▶ _What you need to do_: Begin at the line below that holds "This is a Magic" and end at the line that holds "しまむらでは毎年クリスマスに", transcribing each line exactly and skipping any picture.

#### Recorded data ####

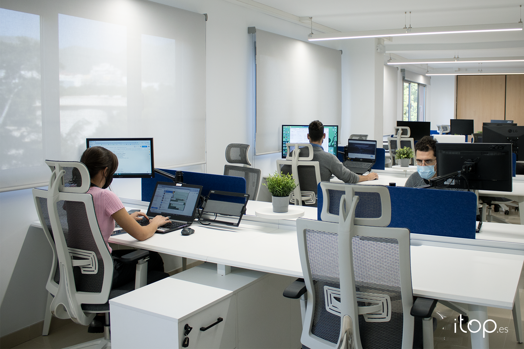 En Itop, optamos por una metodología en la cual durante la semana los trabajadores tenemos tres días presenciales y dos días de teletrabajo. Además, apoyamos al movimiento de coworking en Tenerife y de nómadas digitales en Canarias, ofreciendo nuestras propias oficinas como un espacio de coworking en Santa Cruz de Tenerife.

####
#### Recorded data ####

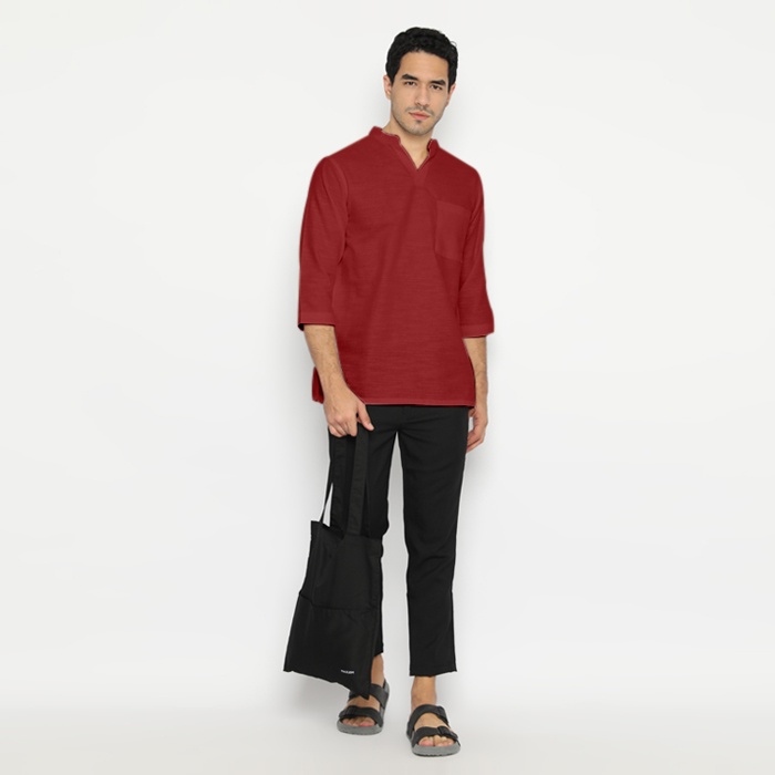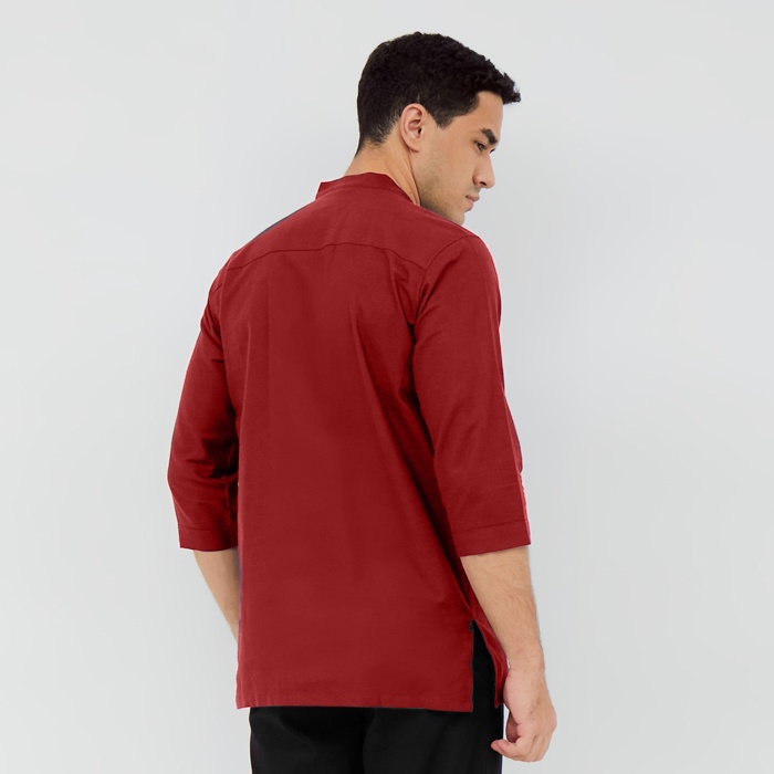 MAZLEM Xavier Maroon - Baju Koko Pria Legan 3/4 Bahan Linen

####
#### Recorded data ####

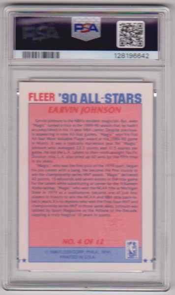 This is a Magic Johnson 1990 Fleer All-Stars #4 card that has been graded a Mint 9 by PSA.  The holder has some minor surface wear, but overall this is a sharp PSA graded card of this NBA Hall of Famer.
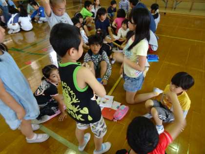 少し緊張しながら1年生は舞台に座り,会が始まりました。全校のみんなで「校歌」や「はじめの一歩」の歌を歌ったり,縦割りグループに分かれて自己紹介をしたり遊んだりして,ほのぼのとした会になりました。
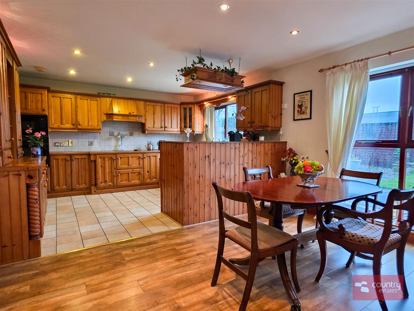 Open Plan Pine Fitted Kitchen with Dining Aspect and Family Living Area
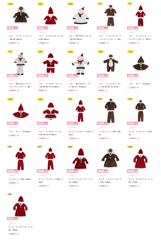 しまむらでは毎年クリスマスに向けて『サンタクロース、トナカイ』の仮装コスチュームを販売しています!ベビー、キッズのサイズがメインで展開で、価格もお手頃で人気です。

####

▶ _Solution for this task_:
 This is a Magic Johnson 1990 Fleer All-Stars #4 card that has been graded a Mint 9 by PSA.  The holder has some minor surface wear, but overall this is a sharp PSA graded card of this NBA Hall of Famer.
 少し緊張しながら1年生は舞台に座り,会が始まりました。全校のみんなで「校歌」や「はじめの一歩」の歌を歌ったり,縦割りグループに分かれて自己紹介をしたり遊んだりして,ほのぼのとした会になりました。
 Open Plan Pine Fitted Kitchen with Dining Aspect and Family Living Area
 しまむらでは毎年クリスマスに向けて『サンタクロース、トナカイ』の仮装コスチュームを販売しています!ベビー、キッズのサイズがメインで展開で、価格もお手頃で人気です。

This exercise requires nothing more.